Going home should be easy, a familiar drive along a road you know by memory, leading back to the place that shaped you. But for Dr Kadijah Robinson, whose trips to and from Newmarket, St Elizabeth have become a duty, the road home is a reminder of what she must do. Home calls her to help and rebuild.

“I have spent most of my life in Newmarket,” Dr Robinson said, adding, “My siblings and I were raised there, and so were my parents. It is the community that groomed generations of my family, so it means everything to me.”

The silence after the storm brought anxiety and fear. The few images she saw online from nearby towns confirmed her worst fears. By the time communication began trickling back, one thing was certain, she had to go home.

The drive west, one she usually navigated by instinct, felt unfamiliar. Landmarks were gone, and hillsides lay stripped bare.

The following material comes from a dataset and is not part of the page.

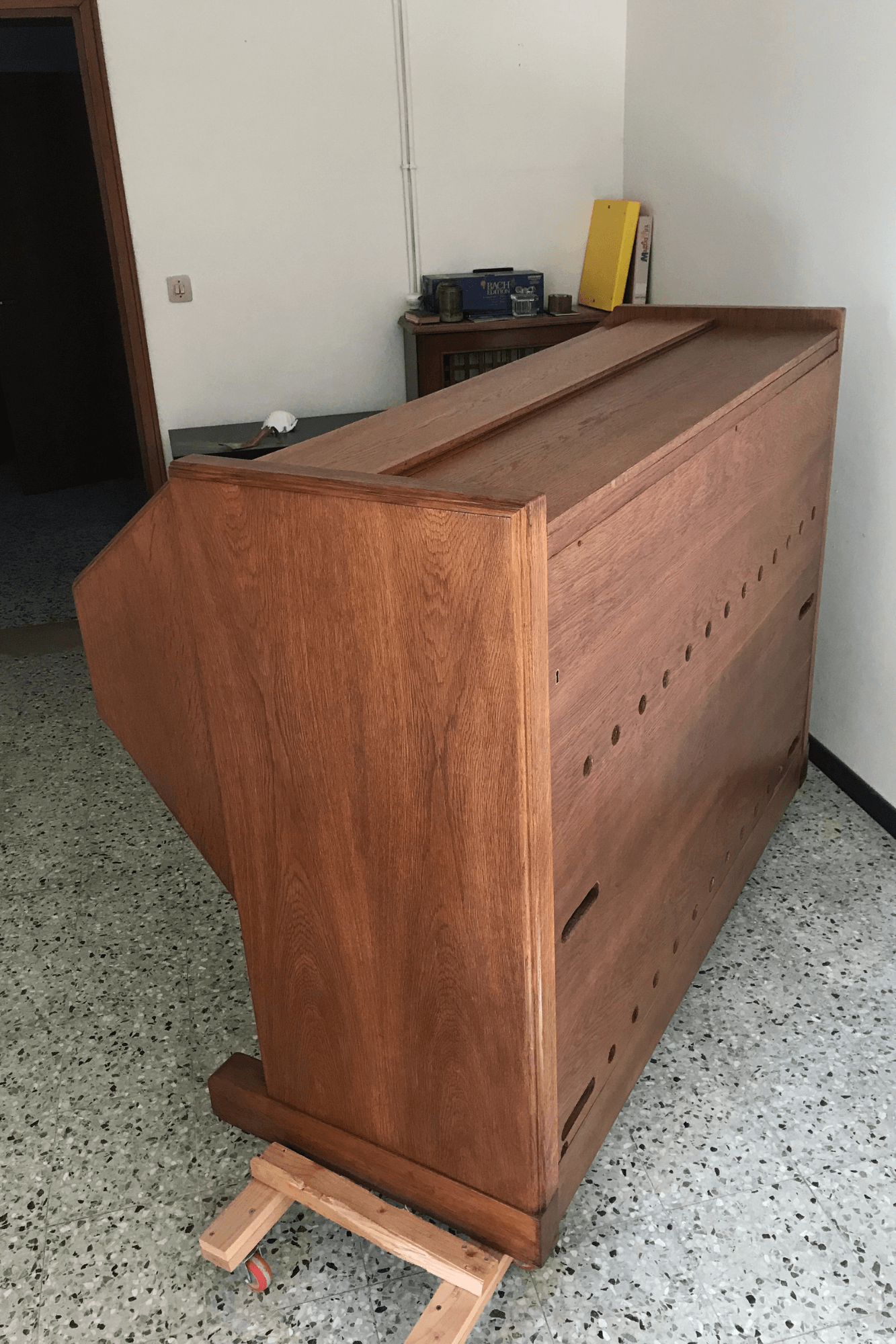 Questo strumento l’ho salvato da un organaro che voleva a tutti i costi disfarsene, per fortuna sono riuscito a salvarlo dalla stufa a legna e con un lento restauro l’ho rimesso a nuovo.

“Usually, when you leave Kingston and head west, you can almost tell where you are by the smell of the air and the spread of the greenery,” she recalled. “My parish was unrecognisable. There were no trees. Houses on hills I’ve never seen before, well, what was left of them. For miles and miles, there was just rubble.”

With support from friends, colleagues and strangers who heard what she was trying to do, she began collecting supplies: food, hygiene essentials, cleaning items, anything she could fit into her car. Trip after trip, she returned to St Elizabeth, delivering what she could to Carr district, Newmarket and the surrounding areas.

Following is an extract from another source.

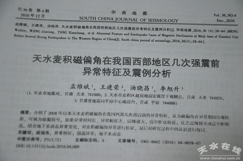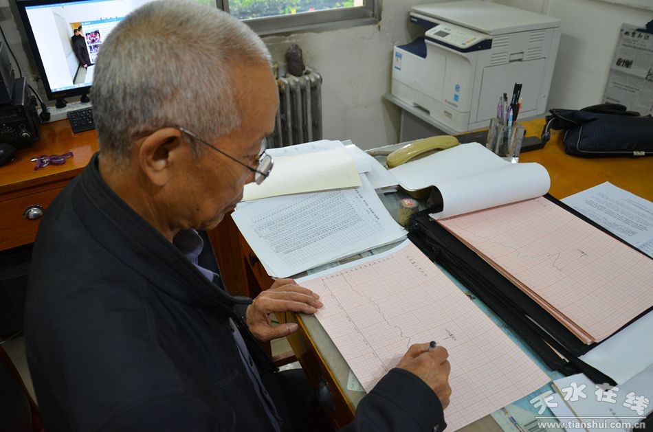 從那時起,無論風(fēng)霜雨雪,王建榮都堅持在每天的8時、14時、20時三個時間段進(jìn)行觀測,必要時還得加密觀測。同時,他還自費收集天水及鄰近地區(qū)30多個臺站的地下流體資料,結(jié)合磁偏角數(shù)據(jù),在坐標(biāo)紙上點繪,然后進(jìn)行綜合研究,形成震情分析報告。這些原本需要大量人力物力財力的工作,王建榮一干就是23年。

Still, she said, the need remains overwhelming.“The last time I delivered supplies, it was just a temporary fix,” Dr Robinson explained. “People are trying to rebuild their homes from the ground up. Not having to think about their next meal, or where they’ll get hygienic supplies, that’s one small relief from a burden that is otherwise enormous.”

And in a moment when families must focus on entirely reconstructing their lives, that small relief becomes a lifeline. It frees them to put their energy where it matters most, rebuilding what the storm tore away.

When donations started to slow, Dr Robinson worried she might not be able to keep up the support. That was when Wisynco’s Legend Jamaican Lager provided food packages and essential items for women, giving her essential supplies to reach the families who needed them most.

The food packages included non-perishable staples like rice, tinned goods, flour, and oil. The dignity items contained soaps, sanitary pads, toothpaste, tissues, and other essentials that women often struggle to afford, and that become even harder to access during disaster recovery.

“Sanitary products are a major monthly expense for women, even before the storm,” she said. “In these conditions, they’re as essential as anything else. The women were grateful, truly grateful.”

Legend’s support arrived at the right moment. “It means so much to me. Especially now, when donations have slowed, the benevolence of Legend has been a beacon in a very dark time. I’m forever grateful to the brand for seeing the people of Carr district, Newmarket, and being moved to help. I’ve been encouraged to keep faith alive because of them.”

Even now, she continues her back-and-forth journeys home. But, the list of needs is long: building supplies, skilled labour, temporary housing, food, and clean water. “All of western Jamaica is on my mind,” she said. “All of western Jamaica needs help.”